# Planning on building a garage/shop diorama for my model cars



## 93MUSTANG

Ok... I'm new here and I'm getting and getting into the hobby of building model cars. I only have 3 (1/24 scale '85 Mustang SVO, '92 Mustang 5.0, and Veilside Toyota Supra) so far and I am planning on building a garage/shop diorama for them. I've seen pictures and videos of some amazing ones. I've also seen where you can order lifts and all the details for the inside. Can anyone give me some tips on how to build/make one? Thanks!


----------



## macart52

It all depends on what and how authentic you want to go. I've built many garages/ dioramas. The best way is get on the web and download some free plans 1:1 then down scale them to 1/24th scale.
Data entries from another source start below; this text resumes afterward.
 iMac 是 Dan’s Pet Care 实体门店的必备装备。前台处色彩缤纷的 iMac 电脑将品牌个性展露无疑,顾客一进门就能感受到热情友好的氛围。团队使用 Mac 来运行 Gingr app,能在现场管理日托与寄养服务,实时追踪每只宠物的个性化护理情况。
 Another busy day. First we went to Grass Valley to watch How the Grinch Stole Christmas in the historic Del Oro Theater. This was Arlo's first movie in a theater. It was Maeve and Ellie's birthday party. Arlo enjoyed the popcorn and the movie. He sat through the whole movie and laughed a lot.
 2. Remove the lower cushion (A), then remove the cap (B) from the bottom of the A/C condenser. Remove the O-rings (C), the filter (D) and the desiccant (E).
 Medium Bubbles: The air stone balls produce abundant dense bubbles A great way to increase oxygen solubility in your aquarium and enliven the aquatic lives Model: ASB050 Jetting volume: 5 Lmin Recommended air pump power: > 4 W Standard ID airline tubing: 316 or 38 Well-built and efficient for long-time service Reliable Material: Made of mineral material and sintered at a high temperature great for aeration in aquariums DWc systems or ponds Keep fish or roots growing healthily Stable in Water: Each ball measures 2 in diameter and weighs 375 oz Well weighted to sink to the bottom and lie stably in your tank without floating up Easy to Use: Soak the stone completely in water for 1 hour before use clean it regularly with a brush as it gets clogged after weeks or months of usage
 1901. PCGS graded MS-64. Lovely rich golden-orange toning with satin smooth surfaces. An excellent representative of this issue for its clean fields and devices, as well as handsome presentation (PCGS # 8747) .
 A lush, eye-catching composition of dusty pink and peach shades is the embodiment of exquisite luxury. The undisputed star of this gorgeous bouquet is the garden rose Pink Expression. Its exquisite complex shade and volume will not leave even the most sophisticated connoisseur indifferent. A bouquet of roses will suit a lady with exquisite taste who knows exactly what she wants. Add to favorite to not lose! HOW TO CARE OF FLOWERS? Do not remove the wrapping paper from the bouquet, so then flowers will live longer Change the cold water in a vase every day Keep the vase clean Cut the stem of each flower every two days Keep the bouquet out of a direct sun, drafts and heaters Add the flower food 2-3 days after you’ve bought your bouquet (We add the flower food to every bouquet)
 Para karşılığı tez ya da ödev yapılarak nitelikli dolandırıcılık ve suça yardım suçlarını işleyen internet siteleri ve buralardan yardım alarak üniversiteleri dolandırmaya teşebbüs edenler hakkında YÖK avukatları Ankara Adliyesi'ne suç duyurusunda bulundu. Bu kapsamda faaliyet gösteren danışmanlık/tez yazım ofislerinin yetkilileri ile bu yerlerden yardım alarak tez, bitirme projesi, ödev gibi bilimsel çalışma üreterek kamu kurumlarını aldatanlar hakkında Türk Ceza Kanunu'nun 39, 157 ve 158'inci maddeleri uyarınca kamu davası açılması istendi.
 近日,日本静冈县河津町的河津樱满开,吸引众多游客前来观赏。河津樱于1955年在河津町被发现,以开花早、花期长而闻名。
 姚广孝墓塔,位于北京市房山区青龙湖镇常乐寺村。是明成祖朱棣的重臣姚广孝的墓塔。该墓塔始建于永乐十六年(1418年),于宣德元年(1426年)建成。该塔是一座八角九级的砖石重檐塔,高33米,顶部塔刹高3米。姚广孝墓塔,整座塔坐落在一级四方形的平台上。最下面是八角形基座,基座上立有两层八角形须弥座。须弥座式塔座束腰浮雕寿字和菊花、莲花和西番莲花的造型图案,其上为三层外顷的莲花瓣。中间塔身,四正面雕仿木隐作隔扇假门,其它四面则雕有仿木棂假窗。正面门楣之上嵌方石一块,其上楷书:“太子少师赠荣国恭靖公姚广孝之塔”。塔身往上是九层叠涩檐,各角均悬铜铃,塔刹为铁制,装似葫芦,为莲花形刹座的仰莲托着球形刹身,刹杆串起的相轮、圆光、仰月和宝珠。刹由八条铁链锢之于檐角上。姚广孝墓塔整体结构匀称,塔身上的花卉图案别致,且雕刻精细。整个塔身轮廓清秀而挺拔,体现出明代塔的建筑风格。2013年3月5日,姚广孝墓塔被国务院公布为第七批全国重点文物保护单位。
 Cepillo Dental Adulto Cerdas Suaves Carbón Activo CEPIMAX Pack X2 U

IE a 2X4 would be 1/8" X 3/32" in 1/24th scale. To make it simple.....1/2" = 1' Hope this helps.


----------



## scottnkat

wouldn't 1/2 inch equal one foot at 1:24 scale?


----------



## bondoman2k

If you want a more 'accurate' measurement, go to printmini.com. They have a scale calculator there that can also be used offline, if you save it to your computer (and it's free). It actually converts metric and standard measurements to pretty much any scale there is. Of course, this isn't only for diorama building either. This is actually a dollhouse website, but they also have printable things that can be used in dio's too (posters, wall certificates, donut boxes, computers, a WHOLE bunch of stuff!) 
Ron (Bondo) :dude:


----------



## Pete McKay

Check into Phoenix Toys through Mega Hobbies, they have tools, lifts, compressors, tire balancers, camping equipment....all sort of scale stuff and it's already painted and assembled. As far as a building the Fujimi garages are still available, for scale figures you can try a train site that has "G" scale people, expect to pay out the nose for most of them.


----------



## MrBlueOval

*scales*

Confusing I know but for what it's worth, For comparisons: 1/24th scale. 1 inch in that scale would equal 2 feet in real life size, 2 feet is actually 24 inches thus the 1/24th scale. In that scale 1/2 inch would equal 1 foot. For example: In most dollhouse minatures there is the bigger 1 inch scale (1 inch = 1 foot) and then there's 1/2" scale which is basically the same as 1/24th scale 1/2" scale means 1 inch equals 2 feet. 1/24 scale means 1 inch equals 24 inches in real life size) 1/25th scale is actually a architechural scale used by architechs 1 inch equals 25 inches so it's just a little smaller than 1/24th scale. These two scales are so close that it is sometimes next to impossible to tell which of the two scales an item really is. When sizing up buildings or cars, trucks, etc. , 1/2" scale or 1/24th is a size that you can almost do in your head but 1/25th scale is a little more difficult and a 1/25th scale ruler will probably be needed or a calculator. Now, "G" scale which stands for General scale is not an exact scale at all and can be anywhere from 1/32nd scale up to 1/22nd scale and anywhere in between so be careful choosing railroad "G" scale people and/or items when matching them with 1/24th or even 1/25th scale car and truck models as they could be way out of porportion to you model.


----------



## MrBlueOval

*Garage how to*

Garage or gas station dioramas are basically a square or rectangular box. Walls and floors can be made from colored foam board or even wood or sheet plastic. windows can be made from clear plexiglass or you can purchase painted on ones that look real. Wood can be painted or have a brick or tile applique applied to it to simulate a texture. Blue Oval ResinWorks on the web( google it) offers many peel and stick walls, floors, signage, etc. for garage and gas station diorama buildings or you could try making your own but blue oval took all the work out of it for you already. They offer all the supplies for you to build your own or they can even build a one of a kind repair garage for you.


----------



## macart52

scottnkat said:


> wouldn't 1/2 inch equal one foot at 1:24 scale?


Yes Scott. Sorry bout that fellas. 1/2"= 1'


----------